PROBLEM DETAILS: Begin at the line below that holds "CBMSC/Divulgação/Folha Regional O" and end at the line that holds "中國粉體網(wǎng)訊 1", transcribing each line exactly and skipping any picture.

DATASET EXCERPTS:
↓↓↓
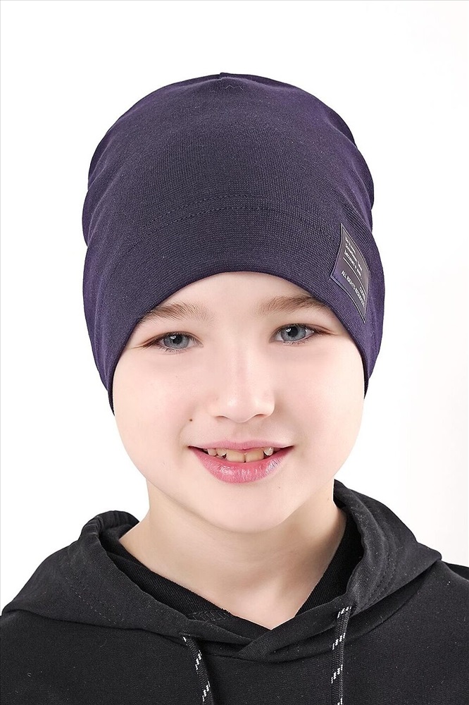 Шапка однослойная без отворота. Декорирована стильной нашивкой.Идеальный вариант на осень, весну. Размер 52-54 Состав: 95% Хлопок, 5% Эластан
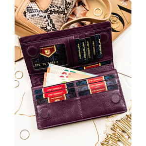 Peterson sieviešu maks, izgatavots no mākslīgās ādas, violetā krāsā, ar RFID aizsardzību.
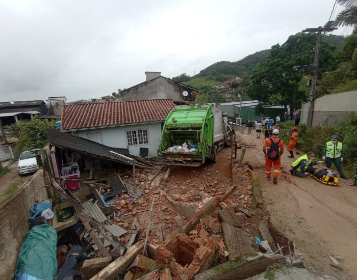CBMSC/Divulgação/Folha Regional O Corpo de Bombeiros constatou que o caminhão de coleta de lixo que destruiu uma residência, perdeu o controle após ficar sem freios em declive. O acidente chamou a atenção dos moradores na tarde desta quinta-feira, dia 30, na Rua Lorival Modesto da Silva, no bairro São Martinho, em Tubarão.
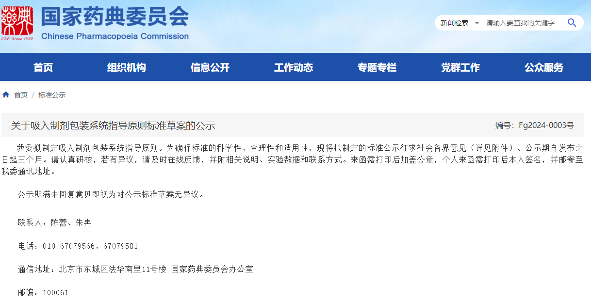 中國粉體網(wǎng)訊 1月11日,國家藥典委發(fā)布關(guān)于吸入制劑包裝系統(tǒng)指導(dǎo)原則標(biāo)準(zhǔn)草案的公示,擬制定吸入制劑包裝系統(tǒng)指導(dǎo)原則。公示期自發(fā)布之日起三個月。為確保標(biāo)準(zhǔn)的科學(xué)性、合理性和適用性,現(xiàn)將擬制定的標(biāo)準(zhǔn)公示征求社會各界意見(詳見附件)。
↑↑↑
↓↓↓
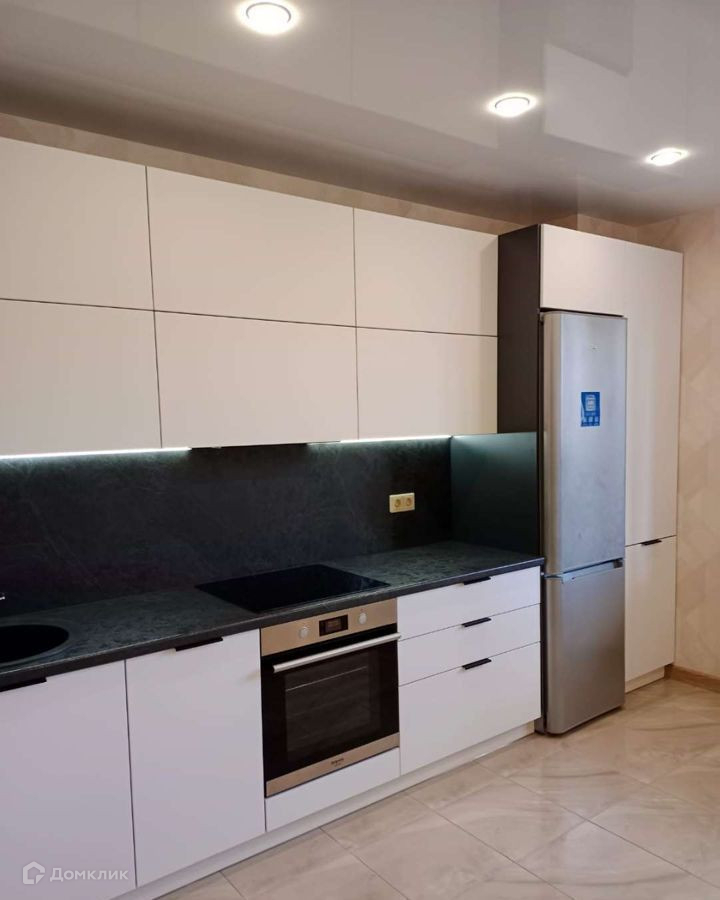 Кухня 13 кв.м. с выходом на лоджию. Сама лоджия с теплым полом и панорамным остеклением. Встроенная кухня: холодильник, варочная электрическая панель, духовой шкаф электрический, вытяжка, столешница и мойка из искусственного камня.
↑↑↑
RESPONSE:
CBMSC/Divulgação/Folha Regional O Corpo de Bombeiros constatou que o caminhão de coleta de lixo que destruiu uma residência, perdeu o controle após ficar sem freios em declive. O acidente chamou a atenção dos moradores na tarde desta quinta-feira, dia 30, na Rua Lorival Modesto da Silva, no bairro São Martinho, em Tubarão.
 中國粉體網(wǎng)訊 1月11日,國家藥典委發(fā)布關(guān)于吸入制劑包裝系統(tǒng)指導(dǎo)原則標(biāo)準(zhǔn)草案的公示,擬制定吸入制劑包裝系統(tǒng)指導(dǎo)原則。公示期自發(fā)布之日起三個月。為確保標(biāo)準(zhǔn)的科學(xué)性、合理性和適用性,現(xiàn)將擬制定的標(biāo)準(zhǔn)公示征求社會各界意見(詳見附件)。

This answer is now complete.